### Given records ###
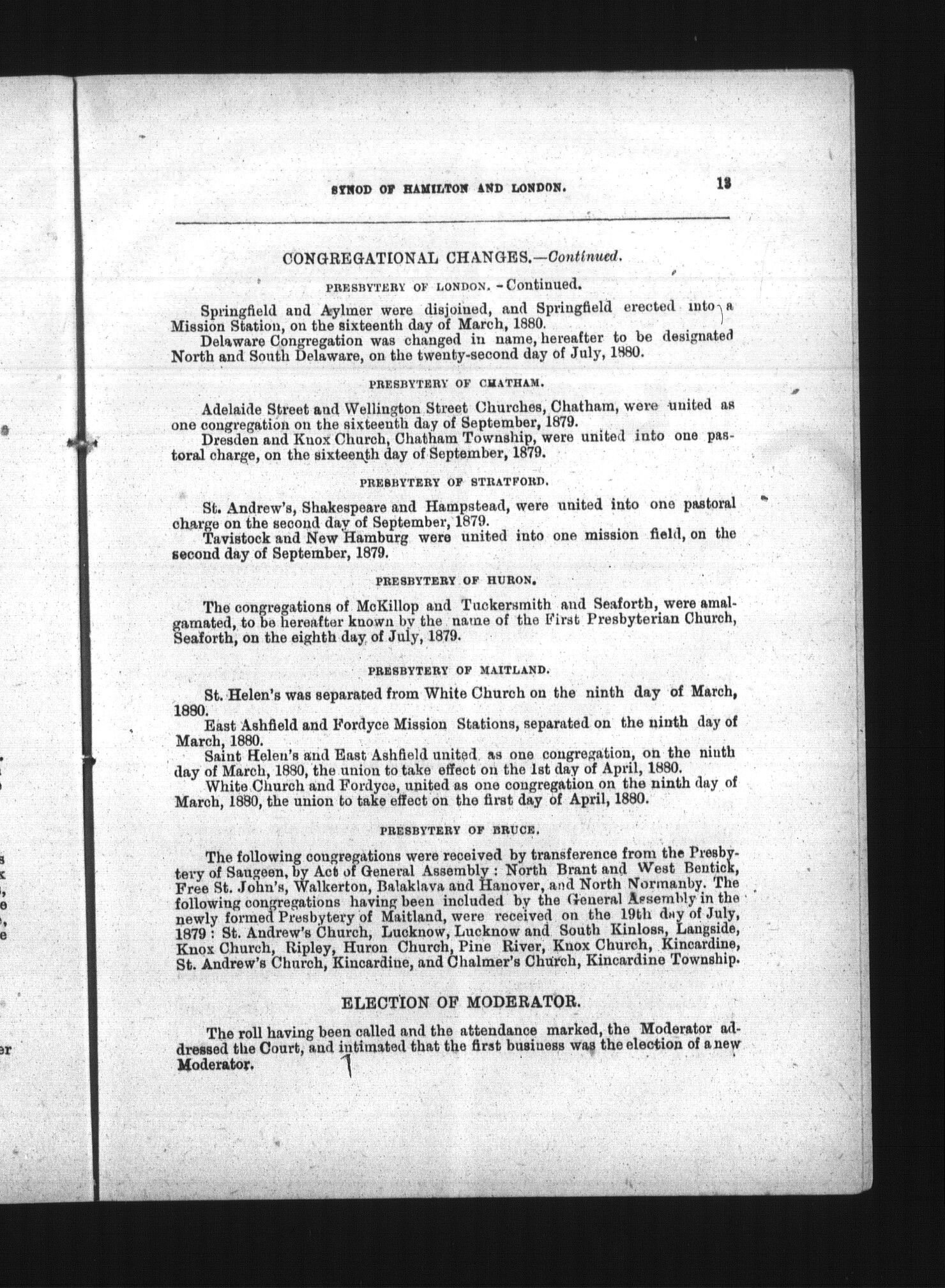 Minutes of the Synod of Hamilton and London, of the Presbyterian Church in Canada : held in St. Catharines, April 13th, 14th, and 15th, 1880 : 1880
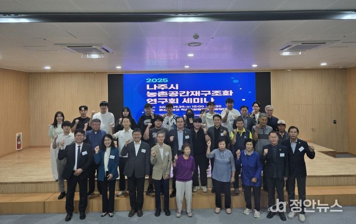 정안뉴스 안정주 기자 | 나주시의회 의원연구단체 ‘농촌공간 재구조화 과정 연구회’(대표의원 김강정)가 주최한 세미나가 지난 29일 빛가람동 동신대한방병원에서 읍면동 주민들과 유관기관 단체장, 언론인을 비롯한 관계자 등이 참석한 가운데 개최됐다.
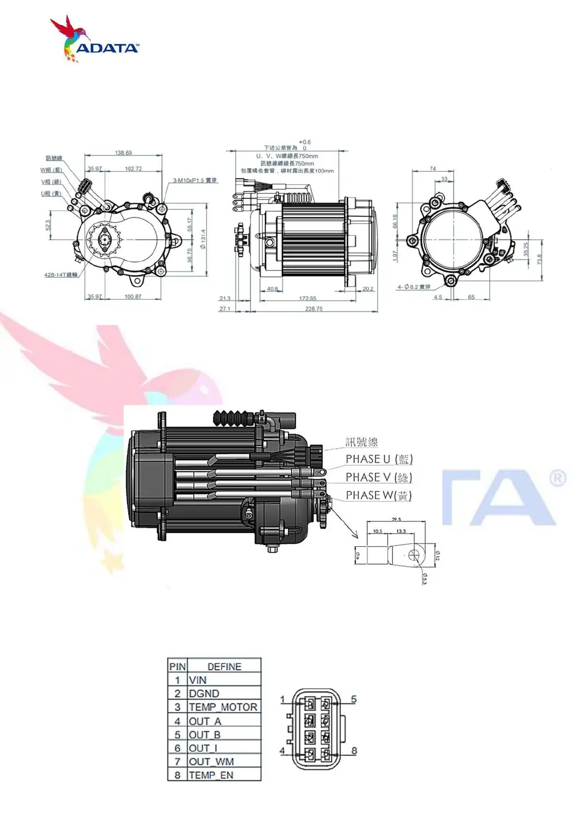 三相線定義如下:U(藍)、V(綠)、W(黃)
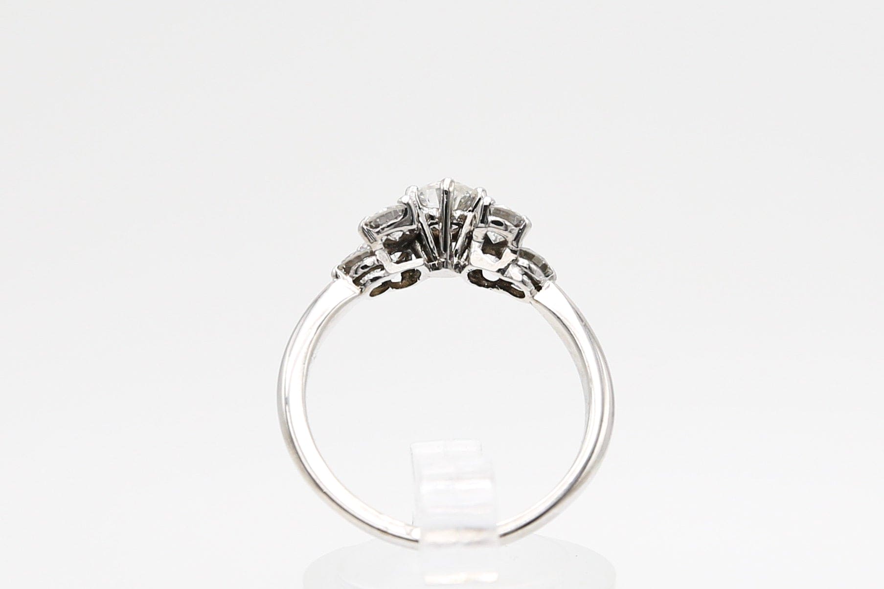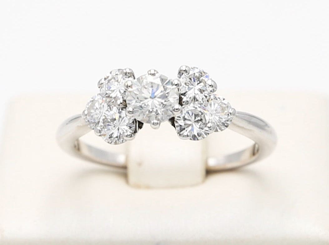 Prezioso anello in oro bianco 18kt con diamante centrale e 6 diamanti laterali posti a triangolo a forma di fiore.
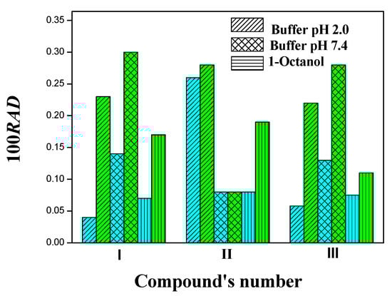 The comparison of fitting by two thermodynamic models in terms of the RAD for the whole of the experimental measurements graphically presented in Figure 5. It is obvious that for all the studied systems (except compound II in buffer pH 7.4), the modified Apelblat equation gives more accurate results. The maximum value of 100RAD is 0.26 for the Apelblat model and 0.30 for the van’t Hoff equation, whereas the average values are equal to 0.10 and 0.21, respectively.
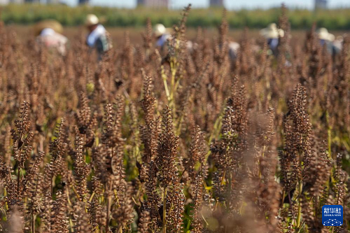 9月23日,黑龙江省佳木斯市桦南县举办庆祝中国农民丰收节活动,工作人员进行紫苏收获展示。(新华社记者 王建威 摄)
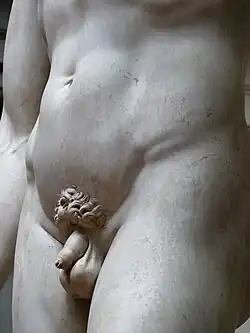 The males of ancient Greece believed that small penises were ideal.[49] Scholars believe that most ancient Greeks probably had the same size penises as other Europeans,[49] but Greek artistic portrayals of handsome youths show them with inordinately small, uncircumcised penises with disproportionately large foreskins,[49] indicating that these were seen as ideal.[49] Large penises in Greek art are reserved for comically grotesque figures,[49][50] such as satyrs, a class of hideous, horse-like woodland spirits, who are shown in Greek art with absurdly massive penises.[49]
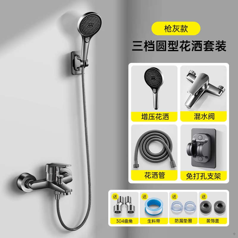 • 【둥근●Gun Ash] 리프팅 슈퍼차저 샤워 세트, 두꺼운 전체 구리, 30년 보증
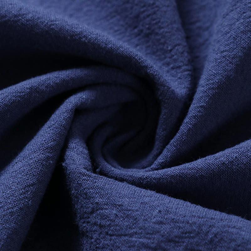 Buddha Stones Casual Plain Color Short Sleeve One Frog Button Cotton Linen Men's Shirt
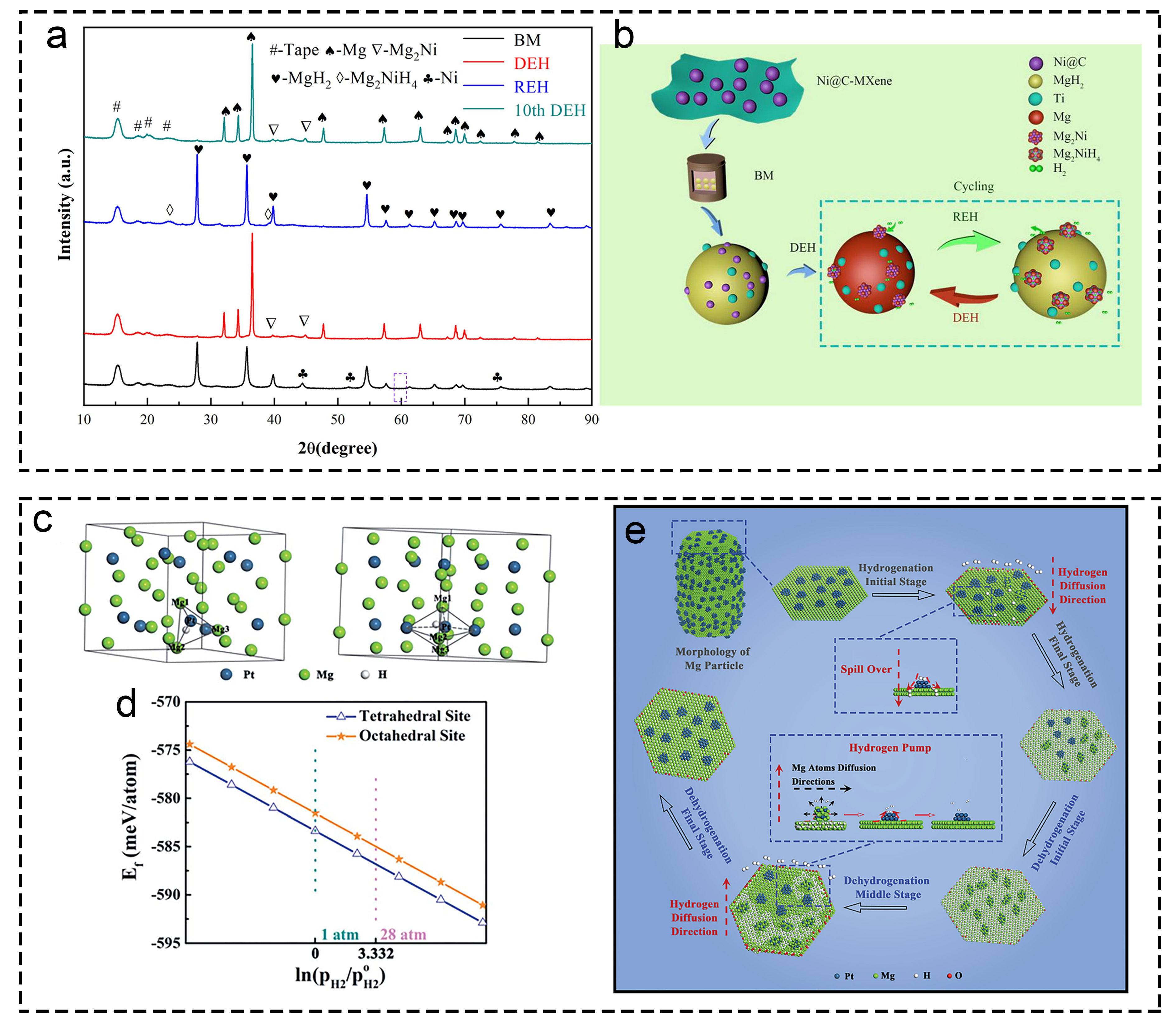 Fig. 5 Investigations on “Hydrogen pump” effect mechanism. (a, b) MgH2+10 wt.% Ni@C-MXene. Reproduced with permission [101]. Copyright 2020, Elsevier. (c-e) Mg@Pt. Reproduced with permission [102]. Copyright 2019, Royal Society of Chemistry. |
###
(What is expected)
The result should be every line of the data, reproduced exactly, with the images removed.

(Answer for this exercise)
 Minutes of the Synod of Hamilton and London, of the Presbyterian Church in Canada : held in St. Catharines, April 13th, 14th, and 15th, 1880 : 1880
 정안뉴스 안정주 기자 | 나주시의회 의원연구단체 ‘농촌공간 재구조화 과정 연구회’(대표의원 김강정)가 주최한 세미나가 지난 29일 빛가람동 동신대한방병원에서 읍면동 주민들과 유관기관 단체장, 언론인을 비롯한 관계자 등이 참석한 가운데 개최됐다.
 三相線定義如下:U(藍)、V(綠)、W(黃)
 Prezioso anello in oro bianco 18kt con diamante centrale e 6 diamanti laterali posti a triangolo a forma di fiore.
 The comparison of fitting by two thermodynamic models in terms of the RAD for the whole of the experimental measurements graphically presented in Figure 5. It is obvious that for all the studied systems (except compound II in buffer pH 7.4), the modified Apelblat equation gives more accurate results. The maximum value of 100RAD is 0.26 for the Apelblat model and 0.30 for the van’t Hoff equation, whereas the average values are equal to 0.10 and 0.21, respectively.
 9月23日,黑龙江省佳木斯市桦南县举办庆祝中国农民丰收节活动,工作人员进行紫苏收获展示。(新华社记者 王建威 摄)
 The males of ancient Greece believed that small penises were ideal.[49] Scholars believe that most ancient Greeks probably had the same size penises as other Europeans,[49] but Greek artistic portrayals of handsome youths show them with inordinately small, uncircumcised penises with disproportionately large foreskins,[49] indicating that these were seen as ideal.[49] Large penises in Greek art are reserved for comically grotesque figures,[49][50] such as satyrs, a class of hideous, horse-like woodland spirits, who are shown in Greek art with absurdly massive penises.[49]
 • 【둥근●Gun Ash] 리프팅 슈퍼차저 샤워 세트, 두꺼운 전체 구리, 30년 보증
 Buddha Stones Casual Plain Color Short Sleeve One Frog Button Cotton Linen Men's Shirt
 Fig. 5 Investigations on “Hydrogen pump” effect mechanism. (a, b) MgH2+10 wt.% Ni@C-MXene. Reproduced with permission [101]. Copyright 2020, Elsevier. (c-e) Mg@Pt. Reproduced with permission [102]. Copyright 2019, Royal Society of Chemistry. |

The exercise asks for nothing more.